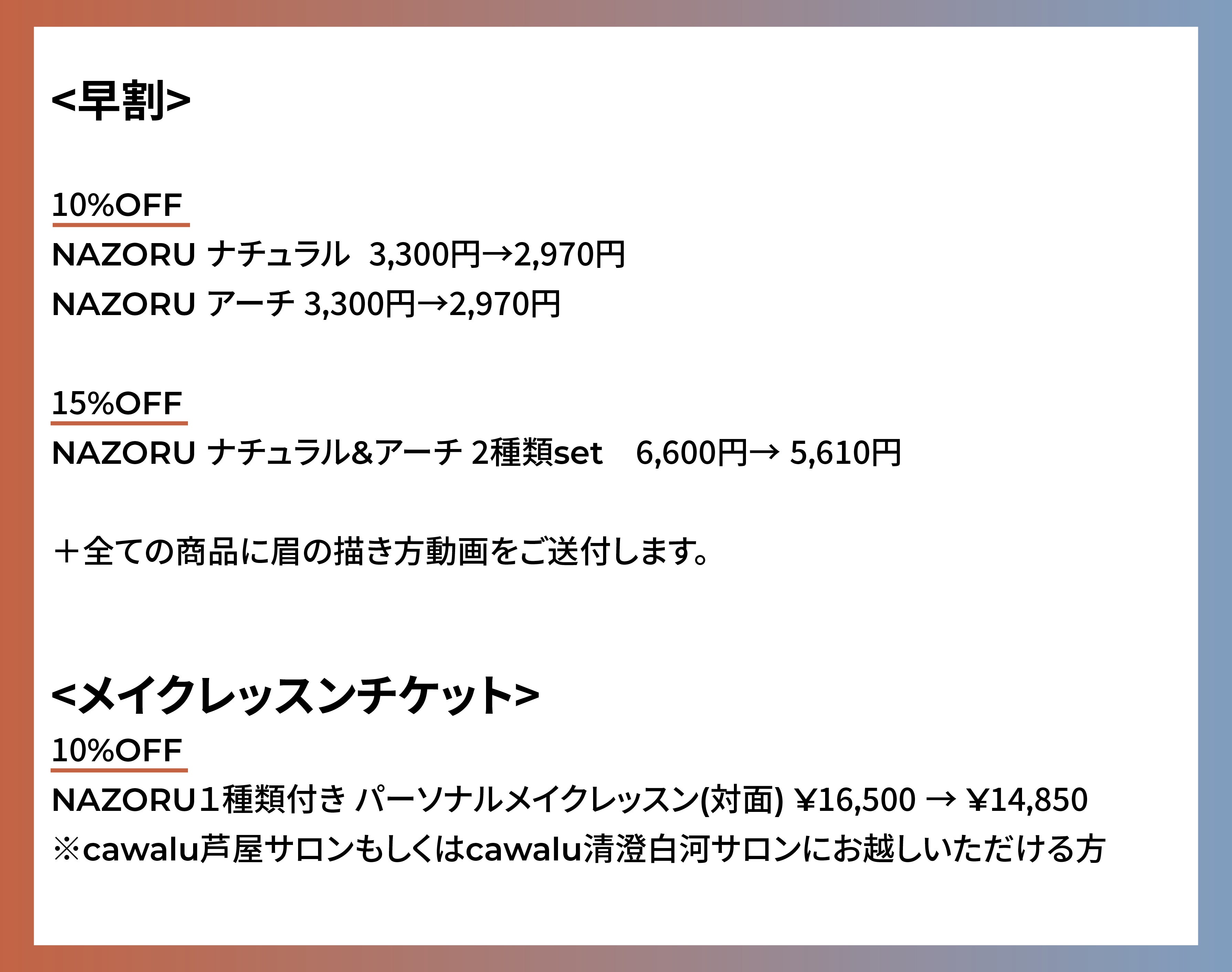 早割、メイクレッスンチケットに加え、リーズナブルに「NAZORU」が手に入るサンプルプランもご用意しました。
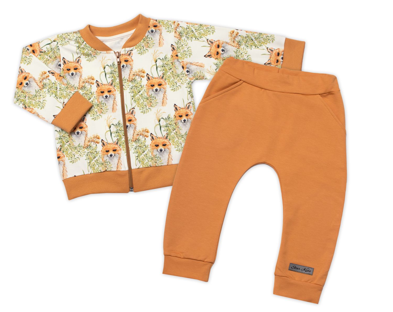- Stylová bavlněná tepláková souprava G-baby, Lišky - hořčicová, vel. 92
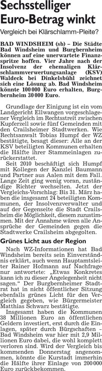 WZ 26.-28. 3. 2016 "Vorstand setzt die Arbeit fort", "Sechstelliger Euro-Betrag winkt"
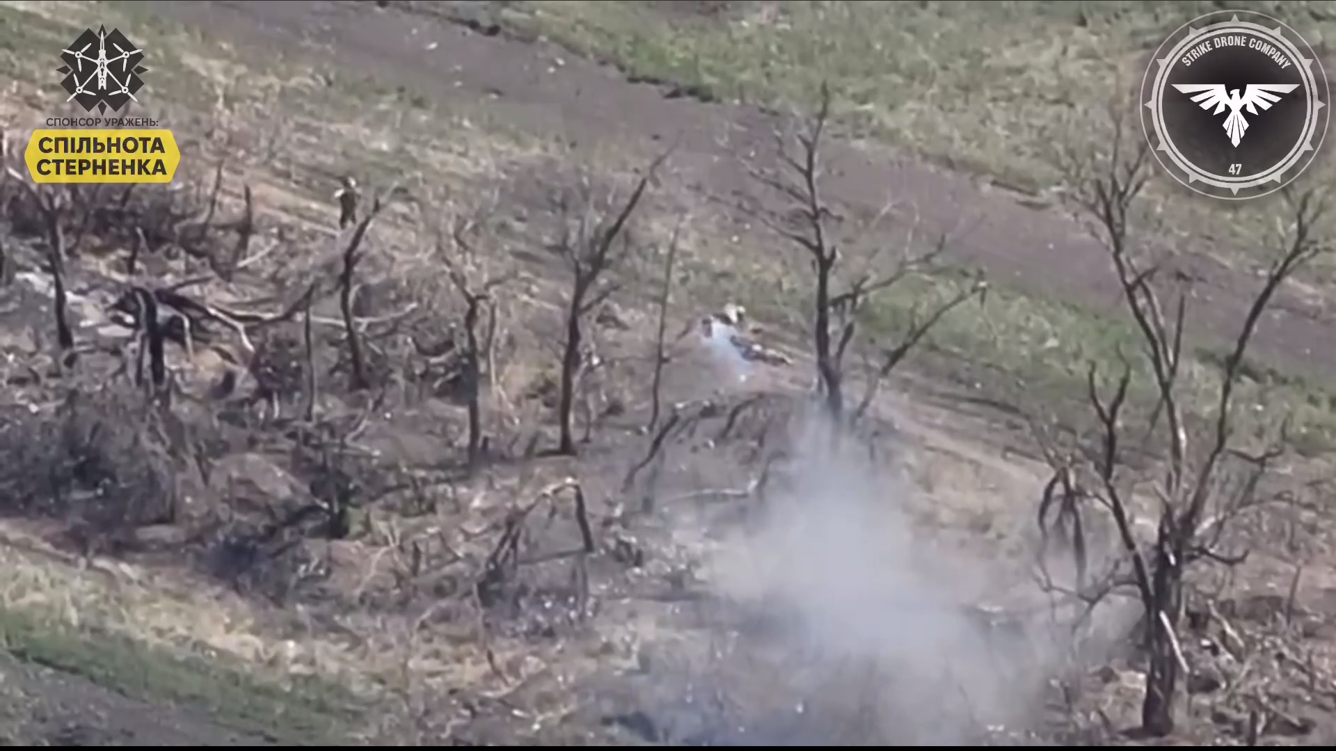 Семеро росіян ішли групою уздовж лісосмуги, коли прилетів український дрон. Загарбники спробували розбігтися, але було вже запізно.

====================

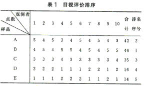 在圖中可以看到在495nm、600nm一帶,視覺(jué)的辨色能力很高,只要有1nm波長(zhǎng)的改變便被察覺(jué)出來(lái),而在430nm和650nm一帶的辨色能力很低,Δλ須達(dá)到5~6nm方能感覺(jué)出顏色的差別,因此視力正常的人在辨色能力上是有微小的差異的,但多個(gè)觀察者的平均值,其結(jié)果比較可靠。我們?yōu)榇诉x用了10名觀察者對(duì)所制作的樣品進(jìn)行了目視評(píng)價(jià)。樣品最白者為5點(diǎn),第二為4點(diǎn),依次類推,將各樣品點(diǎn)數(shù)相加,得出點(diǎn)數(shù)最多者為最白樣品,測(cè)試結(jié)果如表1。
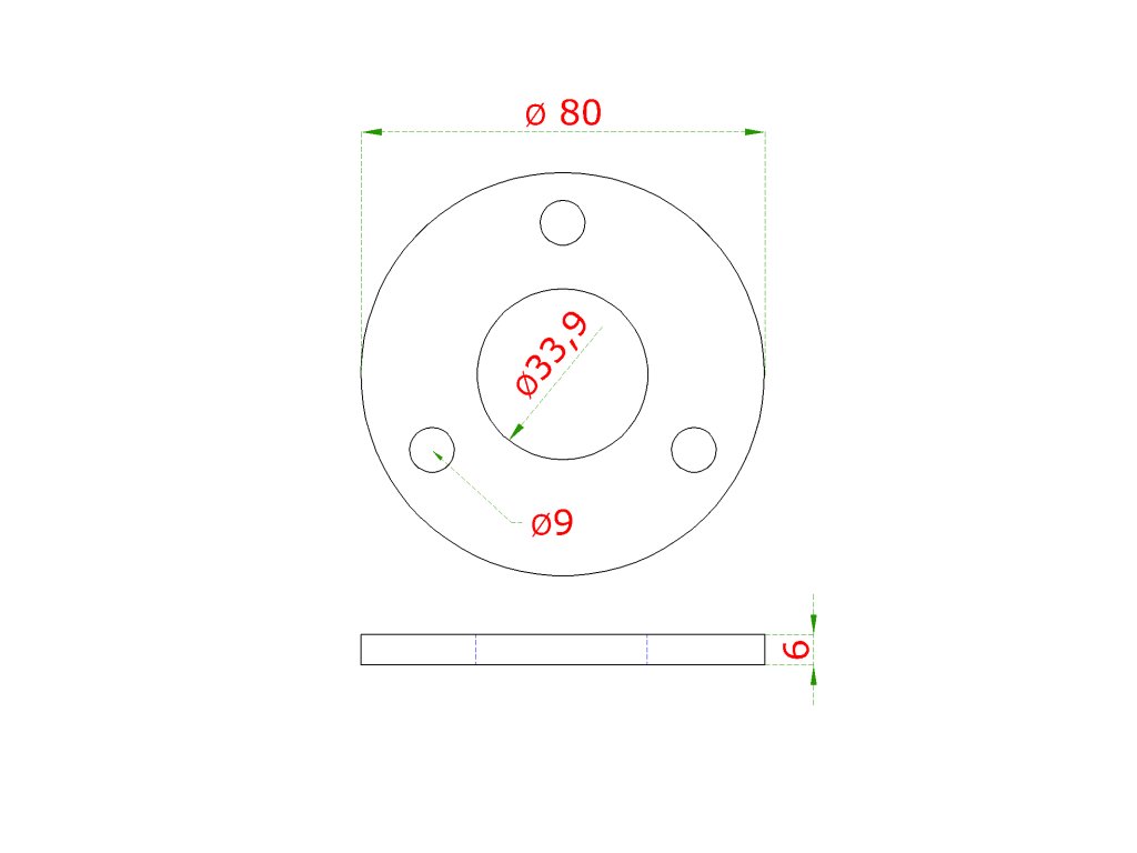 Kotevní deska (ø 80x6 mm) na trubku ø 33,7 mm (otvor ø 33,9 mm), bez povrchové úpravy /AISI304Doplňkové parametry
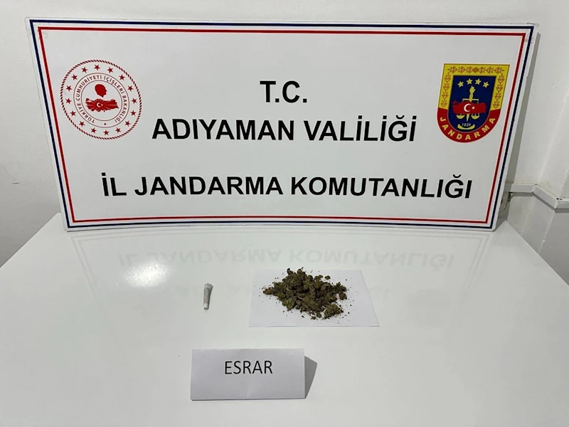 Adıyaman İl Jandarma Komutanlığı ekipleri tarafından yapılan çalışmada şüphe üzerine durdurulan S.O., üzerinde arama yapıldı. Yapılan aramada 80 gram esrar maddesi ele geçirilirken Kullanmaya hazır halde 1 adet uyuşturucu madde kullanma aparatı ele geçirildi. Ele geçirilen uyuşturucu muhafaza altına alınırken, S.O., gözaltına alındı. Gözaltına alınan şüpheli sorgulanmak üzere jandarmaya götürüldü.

====================

What to do:
Reproduce exactly, with no pictures, the lines above from the one holding "在圖中可以看到在495nm、" to the one holding "Adıyaman İl Jandarma", inclusive.

Result:
 在圖中可以看到在495nm、600nm一帶,視覺(jué)的辨色能力很高,只要有1nm波長(zhǎng)的改變便被察覺(jué)出來(lái),而在430nm和650nm一帶的辨色能力很低,Δλ須達(dá)到5~6nm方能感覺(jué)出顏色的差別,因此視力正常的人在辨色能力上是有微小的差異的,但多個(gè)觀察者的平均值,其結(jié)果比較可靠。我們?yōu)榇诉x用了10名觀察者對(duì)所制作的樣品進(jìn)行了目視評(píng)價(jià)。樣品最白者為5點(diǎn),第二為4點(diǎn),依次類推,將各樣品點(diǎn)數(shù)相加,得出點(diǎn)數(shù)最多者為最白樣品,測(cè)試結(jié)果如表1。
 Kotevní deska (ø 80x6 mm) na trubku ø 33,7 mm (otvor ø 33,9 mm), bez povrchové úpravy /AISI304Doplňkové parametry
 Adıyaman İl Jandarma Komutanlığı ekipleri tarafından yapılan çalışmada şüphe üzerine durdurulan S.O., üzerinde arama yapıldı. Yapılan aramada 80 gram esrar maddesi ele geçirilirken Kullanmaya hazır halde 1 adet uyuşturucu madde kullanma aparatı ele geçirildi. Ele geçirilen uyuşturucu muhafaza altına alınırken, S.O., gözaltına alındı. Gözaltına alınan şüpheli sorgulanmak üzere jandarmaya götürüldü.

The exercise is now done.